Zaky tidak menjawab pertanyaan Asha. Tangannya masih menggenggam sarung tangan yang tadi sempat ia lepas. Matanya kosong ... terpaku pada sosok di hadapannya— Asha.
Kalimat itu biasa saja, pelan tanpa nada yang menuntut, sederhana namun bagi Zaky seolah itu adalah tamparan paling halus yang pernah ia terima. Tamparan yang membuatnya tersadar dan mengingat berbagai macam momen kenangannya bersama Asha.
Sesuatu diam-diam meremas hatinya. Namun, itu apa Zaky sedikitpun tidak yakin dengan perasaannya. Ia hanya merasa setuju dengan apa yang tadi sempat dilontarkan oleh Asha.
Zaky masih mematung, entah merenungi kalimat Asha atau mungkin pria itu kesal. Tidak ada yang tahu apa yang membuatnya menutup mulut rapat-rapat, tidak membiarkan kalimat setuju yang sejak tadi menari-nari di pangkal lidahnya untuk lolos dari mulutnya.
Ia kembali tersadar ketika Asha sudah sangat jauh melangkah, meninggalkannya yang masih berdiam. Wanita itu melangkah tanpa menoleh. Wanita itu benar-benar kokoh dalam pendiriannya. Itu baik baginya yang juga tidak menginginkan ikatan pernikahan, namun bukan hal baik untuk ibunya.
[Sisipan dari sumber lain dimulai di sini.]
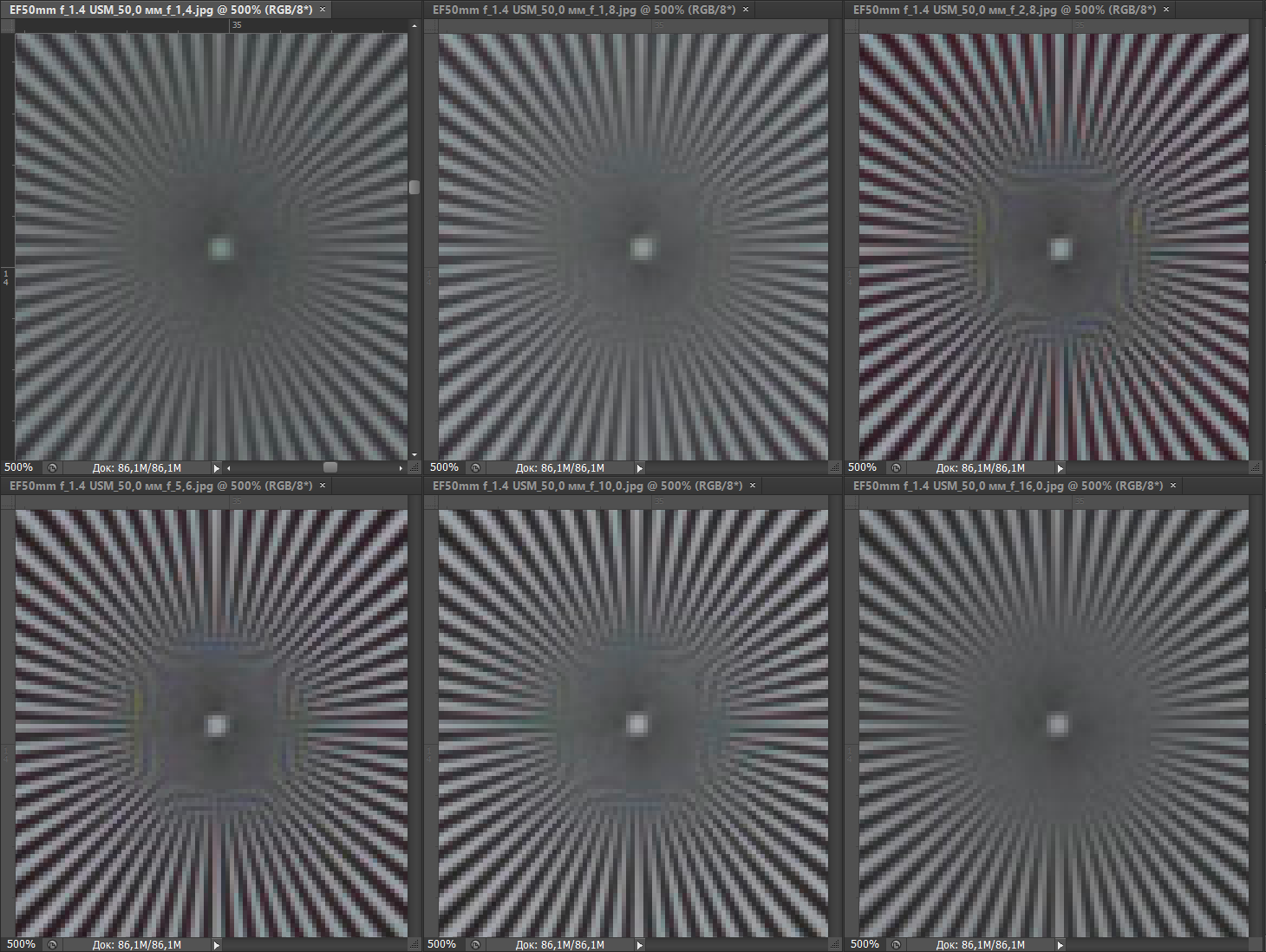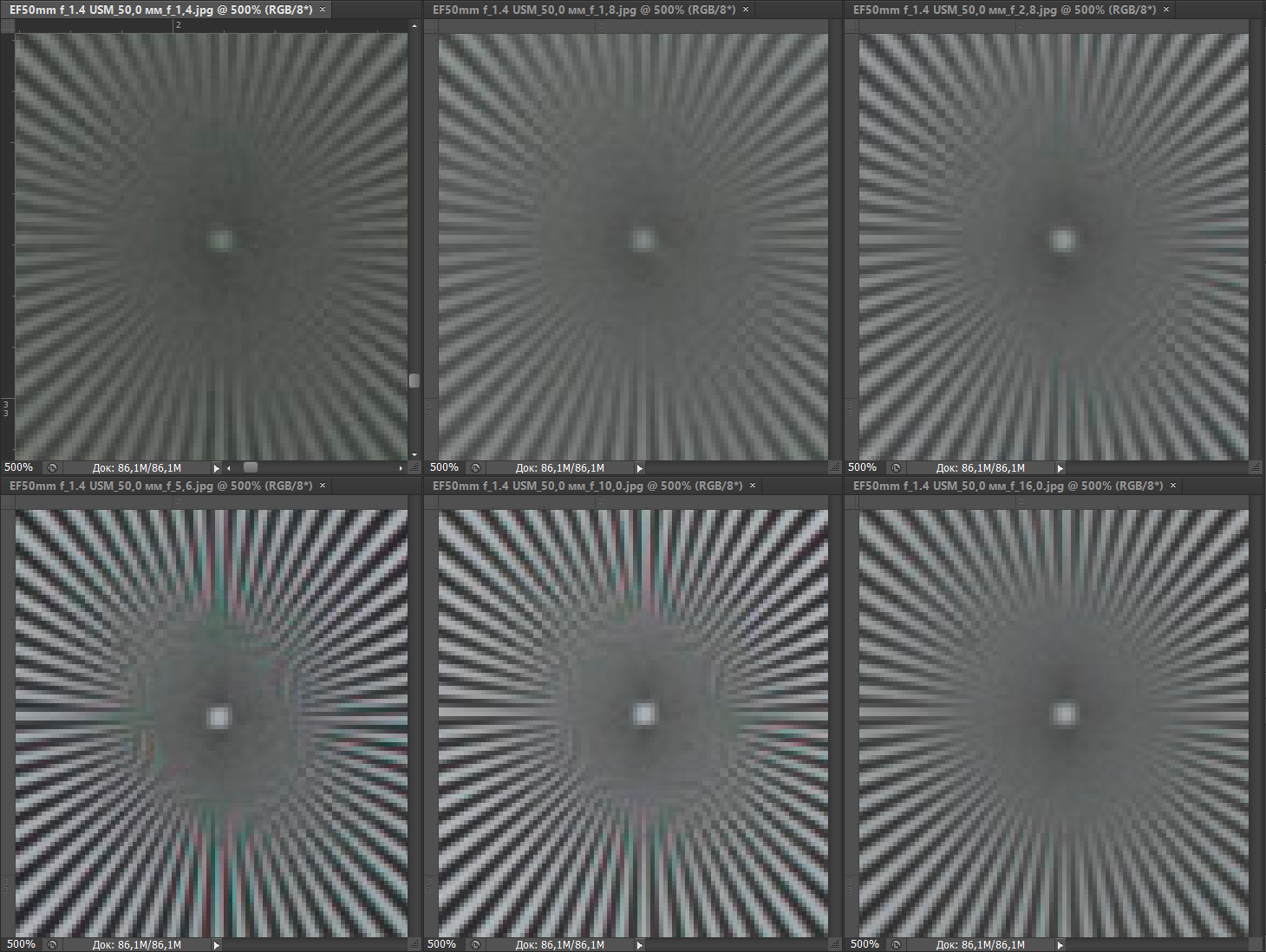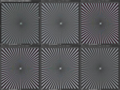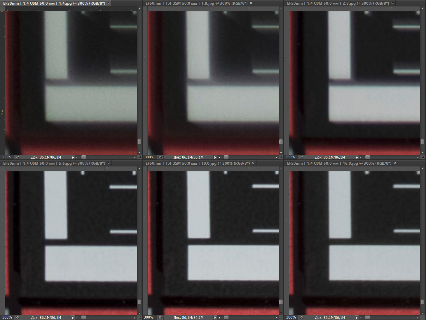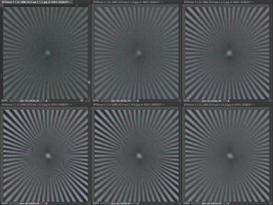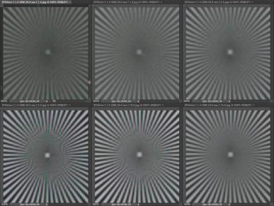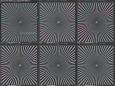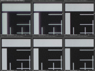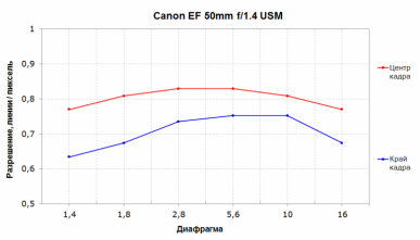 Резкость в центре кадра у испытуемых практически не различается. На краях кадра при f/2,8—f/8 она ощутимо выше у Canon EF 50mm F1.2L USM. При f/11 объективы практически неотличимы по картине резкости как в центре, так и на краях. Влияние дифракции начинает сказываться у Canon EF 50mm F1.4 USM при f/16, когда соперник вновь опережает его, однако и при f/22 результат достаточно хорош (у более дорогого конкурента нет такого значения диафрагмы).

Zaky membuang napasnya kasar, mengacak rambutnya yang tersisir rapi. Ia tahu, merayu Asha jelas tidak akan membawa hasil yang baik. Kalimat terakhir Asha menyentil hatinya namun mengakui hal itu membuatnya merasa kalah. Dan Zaky tidak suka itu.
Zaky berjalan cepat ia berniat menyusul sosok Asha yang hanya terlihat punggungnya saja. Ia bahkan sampai setengah berlari.
Namun, tunggu! Asha masuk ke dalam mobil. Mobil siapa itu? Lalu siapa pria di balik kemudi itu?